Instruction for the listing below: copy exactly, and only, the lines from the one holding "Lucky Spring Between" through its last line, omitting any picture.

## Information provided
⁂
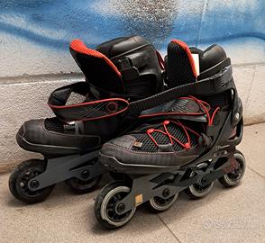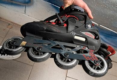 Pattini inline Oxelo NUOVI in colore nero con dettagli in rosso. Hanno un sistema di chiusura con velcro e lacci. Ruote da 84 mm. Taglia 44. Marca Oxelo. ritiro a Paderno Dugnano zona Mornati
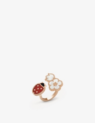 Lucky Spring Between the Finger 18ct rose-gold carnelian, mother-of-pearl and onyx ring- Price:£6,400.00
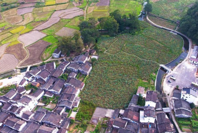 村庄水口林挺拔葱郁的枫香,与茂盛的野藤苦竹一起,交织出万石山翻滚的浓绿。
⁂
## Answer to the problem
 Lucky Spring Between the Finger 18ct rose-gold carnelian, mother-of-pearl and onyx ring- Price:£6,400.00
 村庄水口林挺拔葱郁的枫香,与茂盛的野藤苦竹一起,交织出万石山翻滚的浓绿。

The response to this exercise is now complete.